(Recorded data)

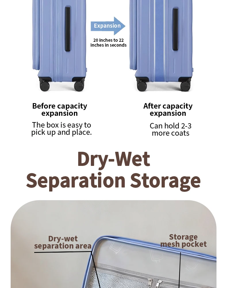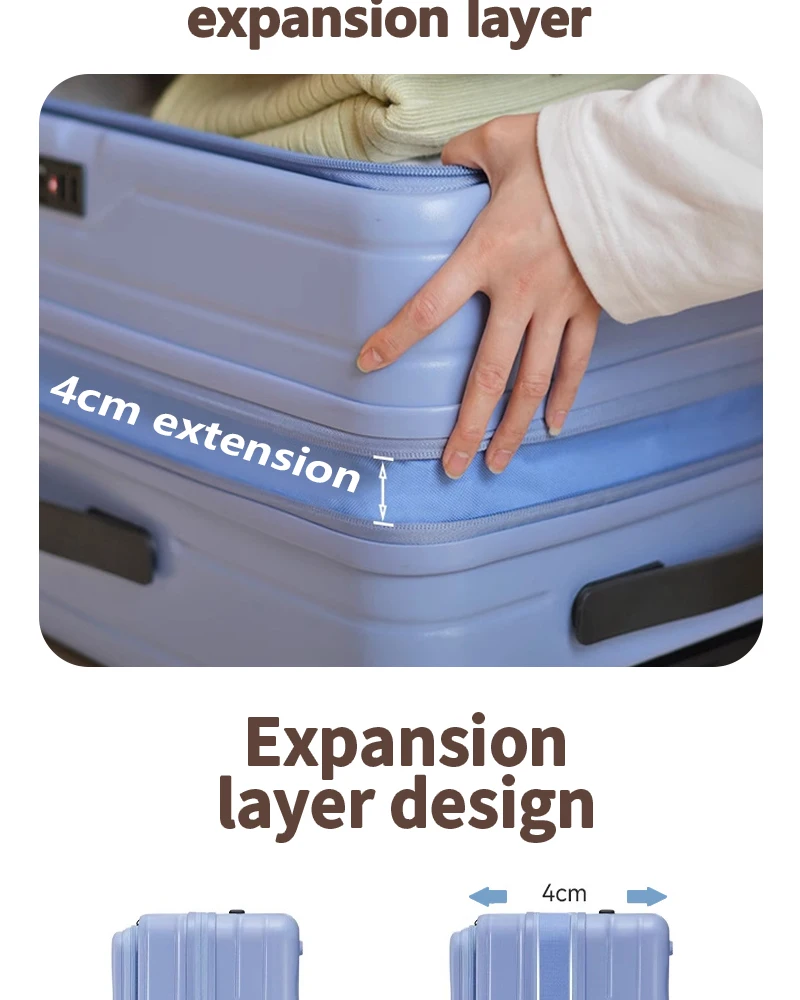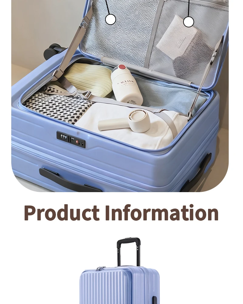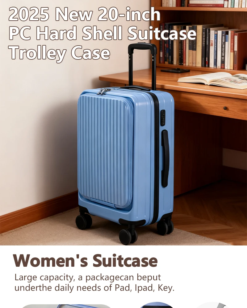 Color: Blue, Luggage Size: 15Inches 375mm, Ships From: CHINA - 2025 New 20-inch PC Hard Shell Lightweight Roller Travel Expandable Multifunctional Front Opening Suitcase Cabin Trolley Case
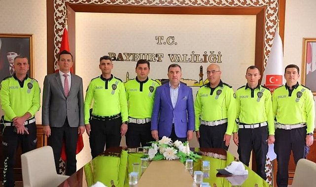 Bayburt'ta trafik güvenliği alanında özveriyle çalışan trafik polisleri başarı belgesiyle ödüllendirildi.
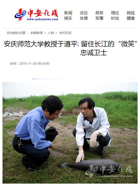 中國長江豚類易地保護開拓者之一,在安徽實施江豚捕撈第一人,我國用深水圍網(wǎng)救護江豚并順利繁殖小江豚的第一位知名鯨類專家,——安慶師范大學(xué)教授于道平從事江豚保護30多年,腳跡踏遍大半個長江流域,是一名生態(tài)保護的忠誠衛(wèi)士。2016年度全國水生動物保護海昌技術(shù)獎獲得者。
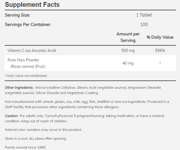 Към формулата са добавени шипки, които също са отличен източник на Витамин C, това води до синергични свойства на продукта на NOW.
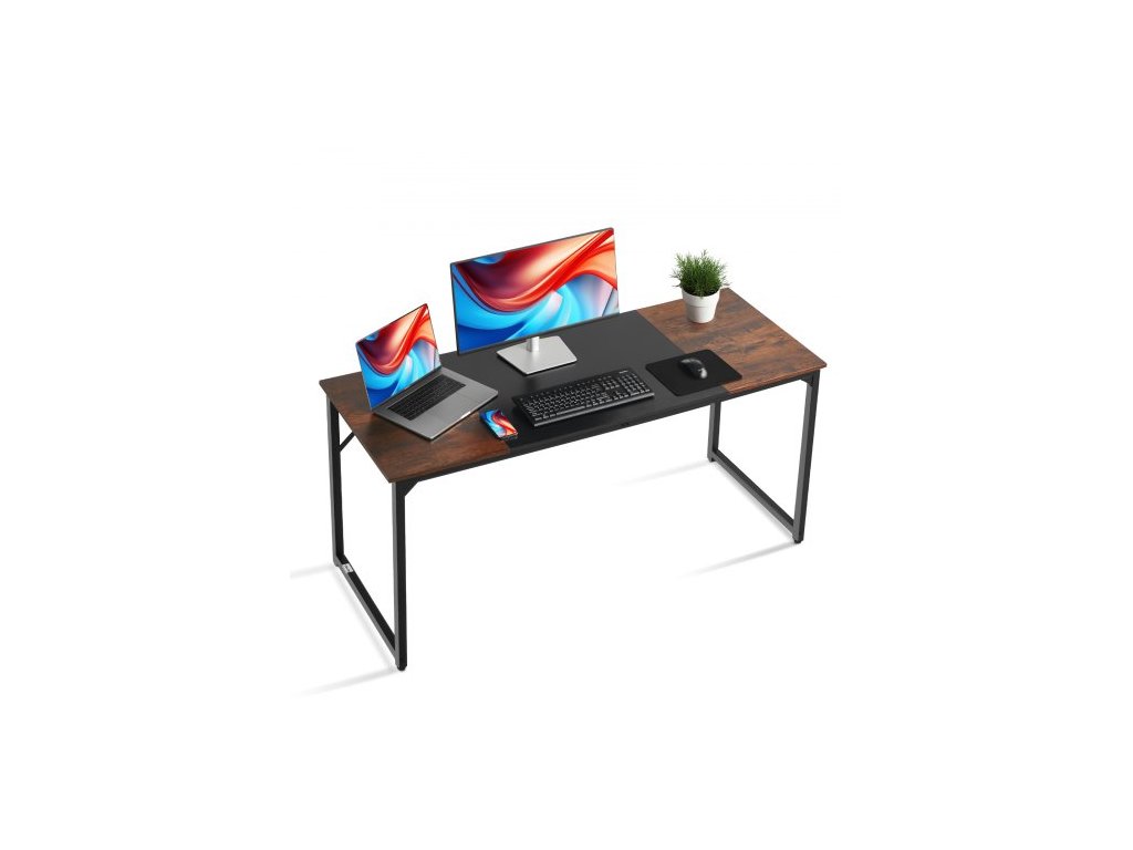 Počítačový stůl VEVOR, 160 cm kancelářský herní stůl pro domácí kancelář, psaní, studium, práce, moderní jednoduchý stůl s kovovým rámem pro velký prostor pro nohy, rustikální hnědá a černá

> **Description of the task**: Without the pictures, return the whole of the data exactly as given.

> **Exercise solution**:
 Color: Blue, Luggage Size: 15Inches 375mm, Ships From: CHINA - 2025 New 20-inch PC Hard Shell Lightweight Roller Travel Expandable Multifunctional Front Opening Suitcase Cabin Trolley Case
 Bayburt'ta trafik güvenliği alanında özveriyle çalışan trafik polisleri başarı belgesiyle ödüllendirildi.
 中國長江豚類易地保護開拓者之一,在安徽實施江豚捕撈第一人,我國用深水圍網(wǎng)救護江豚并順利繁殖小江豚的第一位知名鯨類專家,——安慶師范大學(xué)教授于道平從事江豚保護30多年,腳跡踏遍大半個長江流域,是一名生態(tài)保護的忠誠衛(wèi)士。2016年度全國水生動物保護海昌技術(shù)獎獲得者。
 Към формулата са добавени шипки, които също са отличен източник на Витамин C, това води до синергични свойства на продукта на NOW.
 Počítačový stůl VEVOR, 160 cm kancelářský herní stůl pro domácí kancelář, psaní, studium, práce, moderní jednoduchý stůl s kovovým rámem pro velký prostor pro nohy, rustikální hnědá a černá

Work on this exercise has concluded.